Exercise aim: Starting at the line that holds "table basse avec", reproduce each line exactly up to and including the last line of the records below. Pictures stay out.

Raw data:
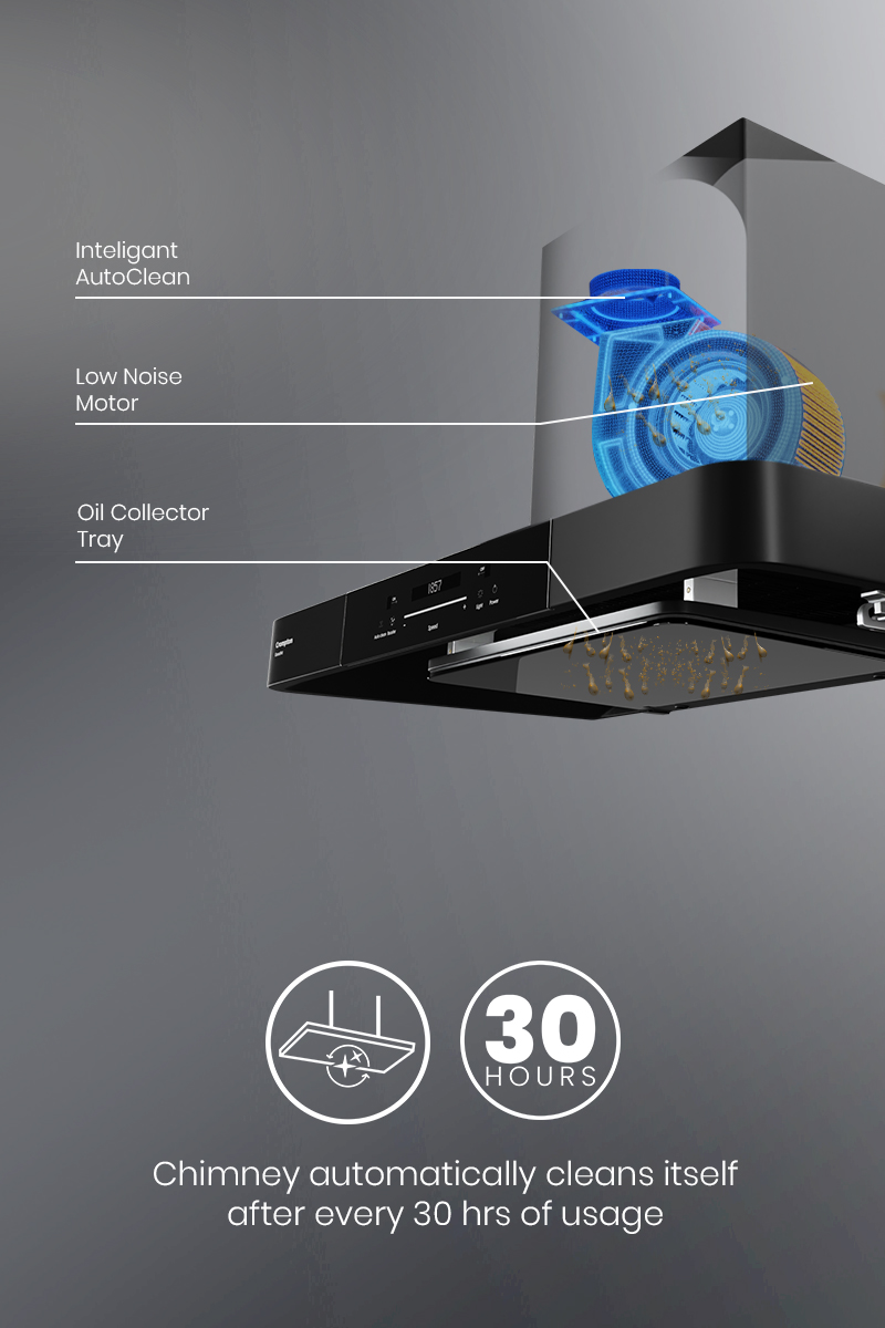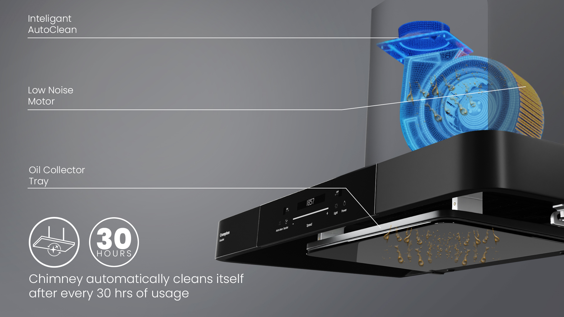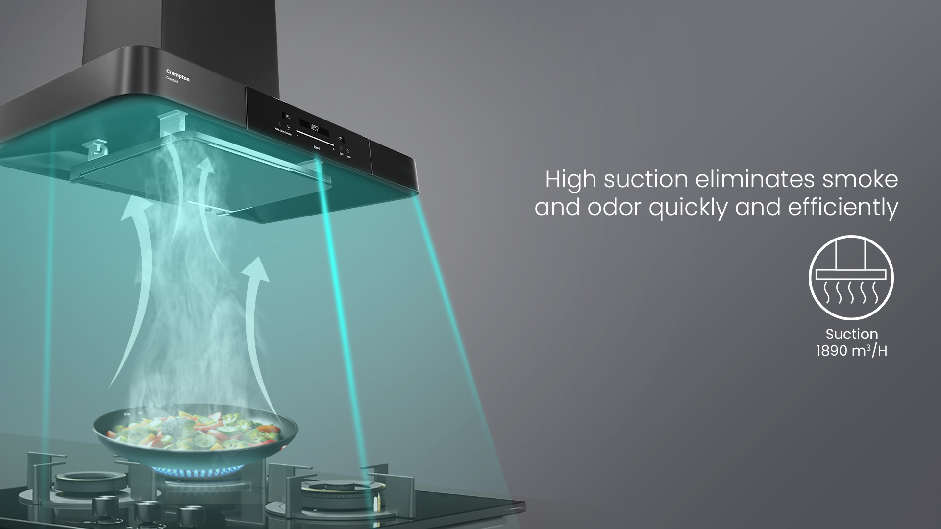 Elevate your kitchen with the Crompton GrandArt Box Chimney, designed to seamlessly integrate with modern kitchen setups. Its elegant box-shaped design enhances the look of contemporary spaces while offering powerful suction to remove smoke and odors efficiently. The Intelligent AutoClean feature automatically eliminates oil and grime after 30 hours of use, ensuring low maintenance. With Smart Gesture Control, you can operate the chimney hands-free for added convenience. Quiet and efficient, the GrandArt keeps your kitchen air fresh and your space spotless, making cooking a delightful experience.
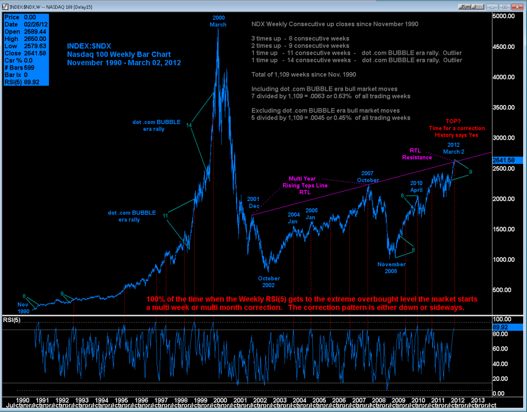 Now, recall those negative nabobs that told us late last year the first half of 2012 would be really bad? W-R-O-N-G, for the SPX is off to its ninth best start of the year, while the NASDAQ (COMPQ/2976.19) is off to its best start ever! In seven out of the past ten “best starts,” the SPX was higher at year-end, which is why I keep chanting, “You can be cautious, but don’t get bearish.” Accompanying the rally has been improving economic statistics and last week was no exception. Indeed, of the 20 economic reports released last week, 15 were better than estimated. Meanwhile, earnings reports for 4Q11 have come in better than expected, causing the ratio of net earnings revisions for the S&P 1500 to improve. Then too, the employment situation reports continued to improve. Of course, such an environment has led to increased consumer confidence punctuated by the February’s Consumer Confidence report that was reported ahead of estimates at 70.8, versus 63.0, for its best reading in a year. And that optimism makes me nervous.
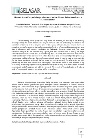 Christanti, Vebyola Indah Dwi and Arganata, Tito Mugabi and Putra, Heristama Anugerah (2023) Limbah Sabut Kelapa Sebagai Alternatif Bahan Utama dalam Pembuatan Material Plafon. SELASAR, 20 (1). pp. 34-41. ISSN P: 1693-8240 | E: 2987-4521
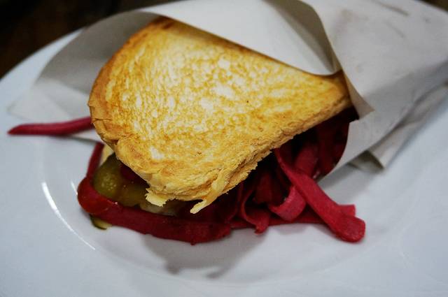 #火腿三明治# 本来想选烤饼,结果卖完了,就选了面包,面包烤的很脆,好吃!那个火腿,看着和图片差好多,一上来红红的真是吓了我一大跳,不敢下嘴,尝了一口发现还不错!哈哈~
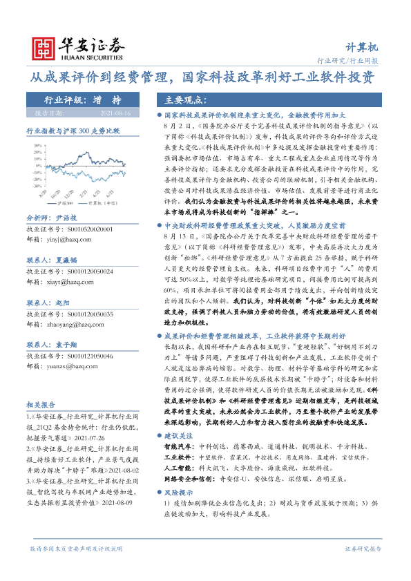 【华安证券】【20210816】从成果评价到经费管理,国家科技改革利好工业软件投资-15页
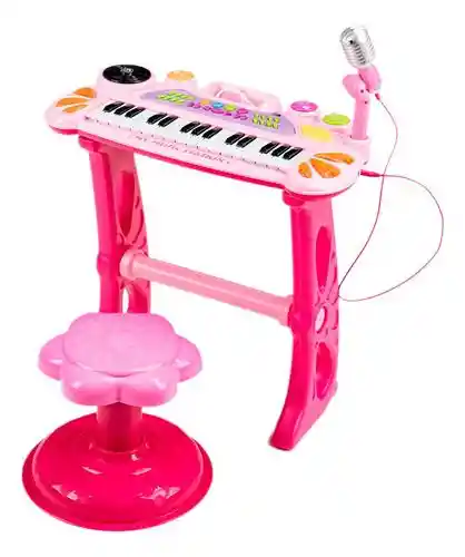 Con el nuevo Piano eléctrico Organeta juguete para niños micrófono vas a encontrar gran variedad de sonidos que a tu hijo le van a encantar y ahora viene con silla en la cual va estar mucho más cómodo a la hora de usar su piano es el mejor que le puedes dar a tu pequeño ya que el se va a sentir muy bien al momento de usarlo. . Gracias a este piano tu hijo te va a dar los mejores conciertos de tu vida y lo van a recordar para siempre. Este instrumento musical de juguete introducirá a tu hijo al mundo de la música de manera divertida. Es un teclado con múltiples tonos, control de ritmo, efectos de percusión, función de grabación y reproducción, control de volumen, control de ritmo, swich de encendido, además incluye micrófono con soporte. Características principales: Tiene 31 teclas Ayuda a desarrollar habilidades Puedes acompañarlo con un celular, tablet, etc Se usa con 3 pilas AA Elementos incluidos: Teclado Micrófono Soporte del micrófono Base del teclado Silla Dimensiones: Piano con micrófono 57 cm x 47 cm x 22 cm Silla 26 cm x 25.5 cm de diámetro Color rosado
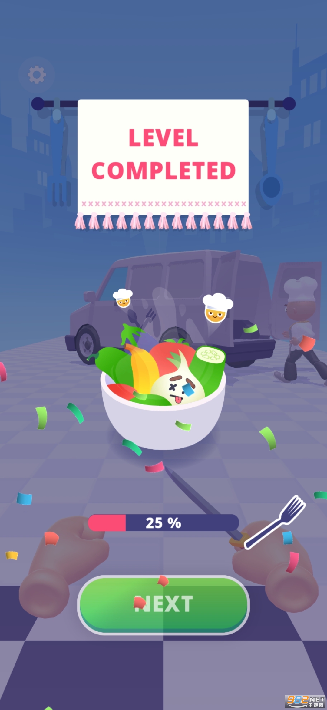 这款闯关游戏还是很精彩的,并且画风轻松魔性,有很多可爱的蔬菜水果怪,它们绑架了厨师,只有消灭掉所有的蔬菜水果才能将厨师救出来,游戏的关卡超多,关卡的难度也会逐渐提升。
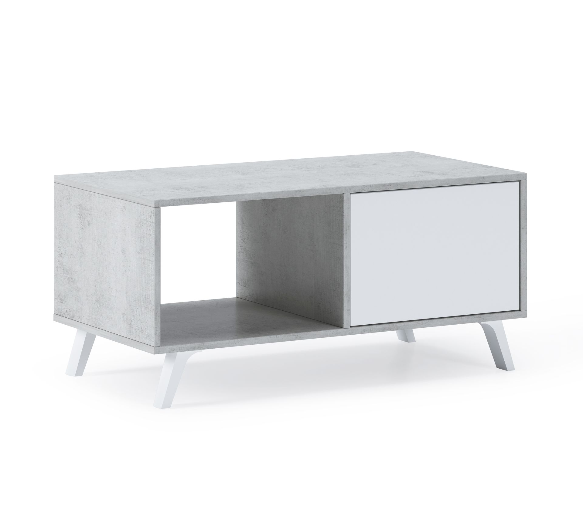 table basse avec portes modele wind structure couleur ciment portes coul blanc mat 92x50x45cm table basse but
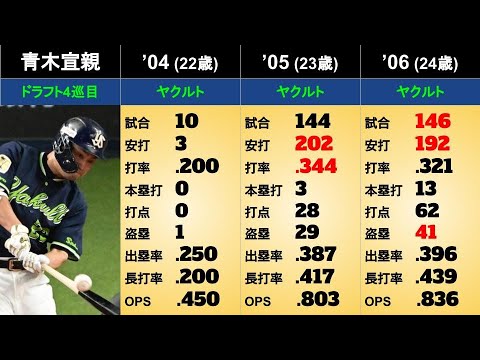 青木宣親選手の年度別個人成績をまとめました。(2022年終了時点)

Answer area:
 table basse avec portes modele wind structure couleur ciment portes coul blanc mat 92x50x45cm table basse but
 青木宣親選手の年度別個人成績をまとめました。(2022年終了時点)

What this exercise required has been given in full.